### Your task
Copy the lines below, please, starting with the one that contains "KiddyMoon Plastikowe piłeczki" and ending with the last. Pictures stay out.

### Dataset entries
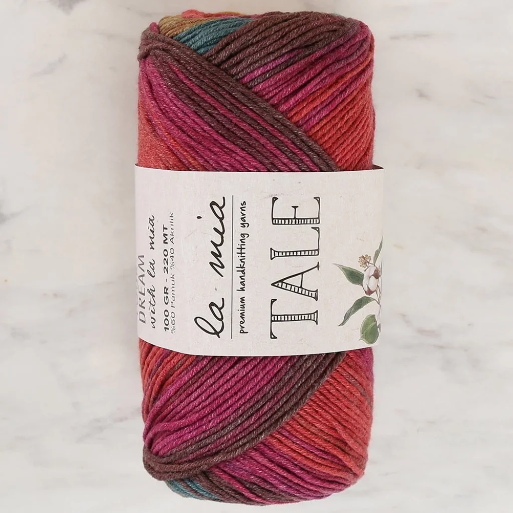 La Mia Markası'na ait yepyeni ürün TALE ile hayalini yarat.Geçişli renk tonlarının hakim olduğu bu seri ile havanız değişecek. Yumuşak ve kolay tüylenmeyen yapısı, güzel renk tonları ile örgüleriniz artık daha gösterişli. Tüm örgü modellerinizde güvenle tercih edebilirsiniz.
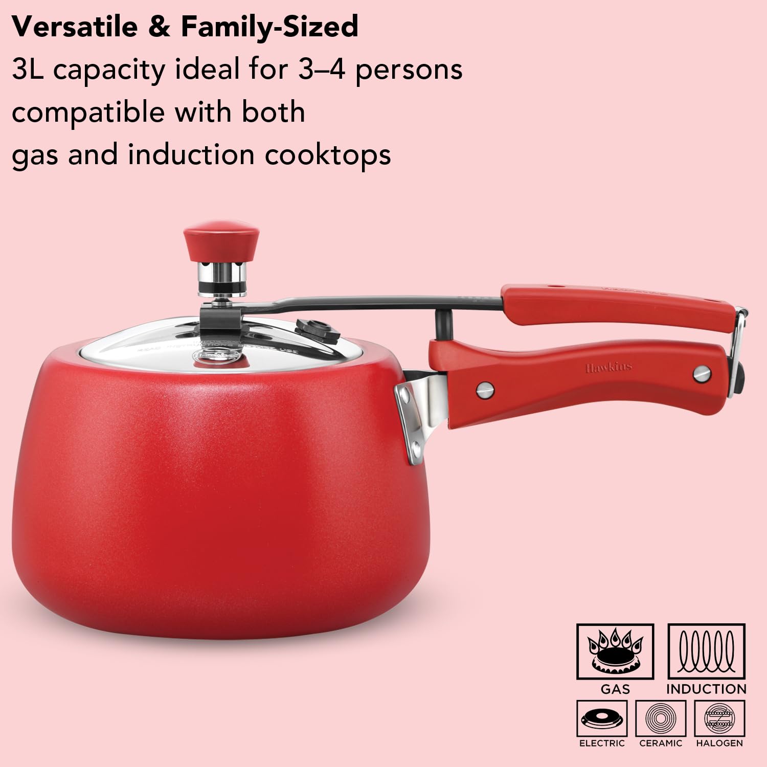 Hawkins 3 Litre Cerenity Pressure Cooker, Ceramic Coated Body, Stainless Steel Lid, Gas & Induction Compatible, Tomato Red (ICR30)
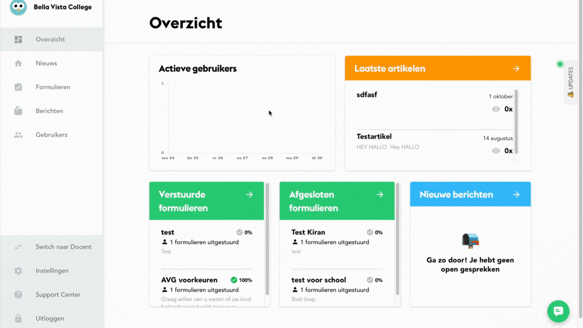 Gekoppelde medewerkers kunnen communiceren met ouders/leerlingen van die groepen.
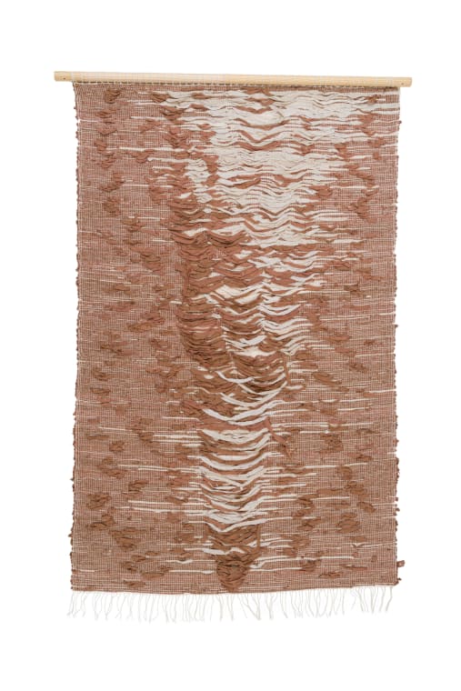 Leilah Walter's work explores the deep relationship between humans, textiles, and the land. Working primarily with natural fibres and textile waste, Leilah creates handwoven and hand-pieced artworks that are minimal and richly layered; visually, materially, and philosophically. Through slow, intentional processes, Leila reflects on how cloth carries memory: of agriculture, labour, touch, and time. Her recent works incorporate discarded textiles from the fashion industry, reassembled into woven and stitched tapestries that evoke sedimentary layers, suggesting that fabric, like soil, accumulates history. These pieces speak to the fleeting nature of desire and its lasting imprint on the earth.
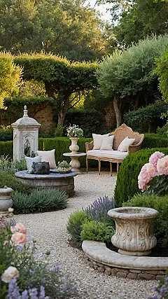 Stepping into this French country garden is like hitting the refresh button on your brain, but way prettier than your phone screen. You’ve got this epic fountain in the middle, probably whispering ancient secrets (or just wondering when someone will toss a coin for good luck). Those winding gravel paths look like a secret map, leading you past perfectly trimmed hedges and flowers that clearly got the memo about looking fabulous. It’s the kind of place where you half expect a tiny, impeccably dressed squirrel to offer you a croissant, or maybe a snail to challenge you to a slow-motion race. Definitely not your average backyard, unless your backyard has a full-time glam squad for its plants.
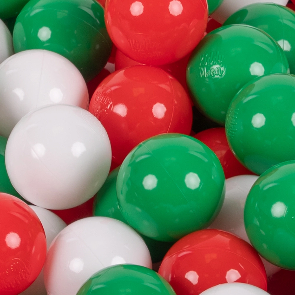 KiddyMoon Plastikowe piłeczki 7cm Zabawka zestaw kulek, zielony-biały-czerwony
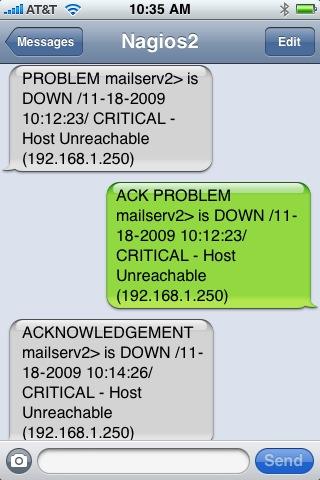 A major feature of the Perl script is the ability to “ACK” or acknowledge a Nagios alert. This means you don't have to have any kind of IP connection to your Nagios server to perform acknowledgements. The ability to acknowledge alerts is helpful when you are off the IP network, as it stops any future alerts and can prevent the alerts from going to others if you have configured Nagios to do this. The script also can force a service or host back to an “OK” state if desired.
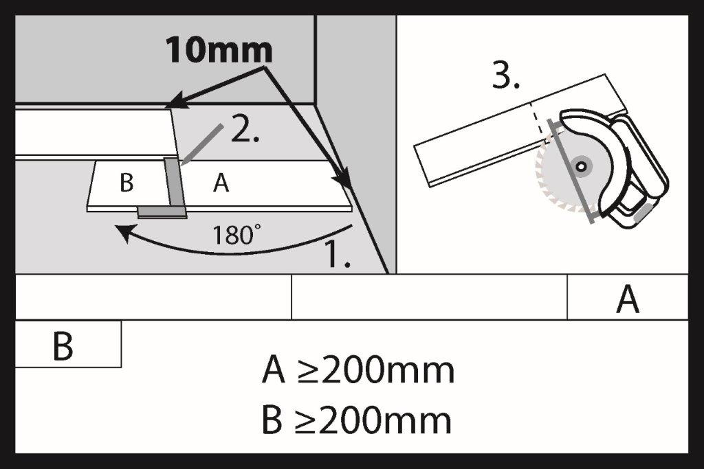 Pentru tăierea panourilor, se poate folosi un ferăstrău manual sau electric. Nu uitați să lăsați un spațiu de dilatație de cel puțin 10 mm după tăierea ultimului panou. Lungimea recomandată a ultimului panou tăiat (A) din primul rând al podelei trebuie să fie de min. 200 mm. Dacă piesa tăiată (B) este mai lungă de 200 mm, o putem folosi pentru a începe instalarea celui de-al doilea rând. Distanța dintre rosturile de capăt dintre două rânduri de podea adiacente trebuie să fie de cel puțin 200 mm.
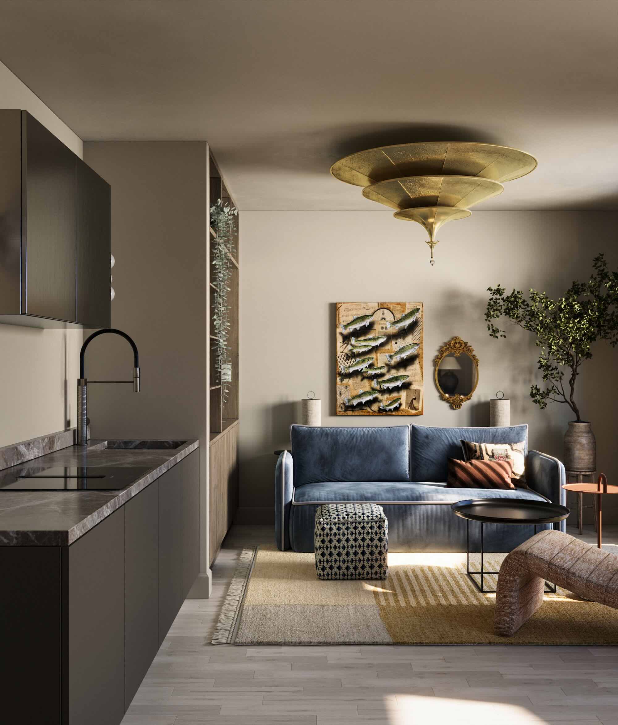Das Ziel war es, ein Ferienhaus am Tegernsee so zu gestalten, dass es sowohl modernen Komfort als auch traditionelle Gemütlichkeit bietet. Der Fokus lag auf der effizienten Nutzung von fünf Zimmern bei gleichzeitig hoher Wohnqualität.

### Solution to the exercise
 KiddyMoon Plastikowe piłeczki 7cm Zabawka zestaw kulek, zielony-biały-czerwony
 A major feature of the Perl script is the ability to “ACK” or acknowledge a Nagios alert. This means you don't have to have any kind of IP connection to your Nagios server to perform acknowledgements. The ability to acknowledge alerts is helpful when you are off the IP network, as it stops any future alerts and can prevent the alerts from going to others if you have configured Nagios to do this. The script also can force a service or host back to an “OK” state if desired.
 Pentru tăierea panourilor, se poate folosi un ferăstrău manual sau electric. Nu uitați să lăsați un spațiu de dilatație de cel puțin 10 mm după tăierea ultimului panou. Lungimea recomandată a ultimului panou tăiat (A) din primul rând al podelei trebuie să fie de min. 200 mm. Dacă piesa tăiată (B) este mai lungă de 200 mm, o putem folosi pentru a începe instalarea celui de-al doilea rând. Distanța dintre rosturile de capăt dintre două rânduri de podea adiacente trebuie să fie de cel puțin 200 mm.
Das Ziel war es, ein Ferienhaus am Tegernsee so zu gestalten, dass es sowohl modernen Komfort als auch traditionelle Gemütlichkeit bietet. Der Fokus lag auf der effizienten Nutzung von fünf Zimmern bei gleichzeitig hoher Wohnqualität.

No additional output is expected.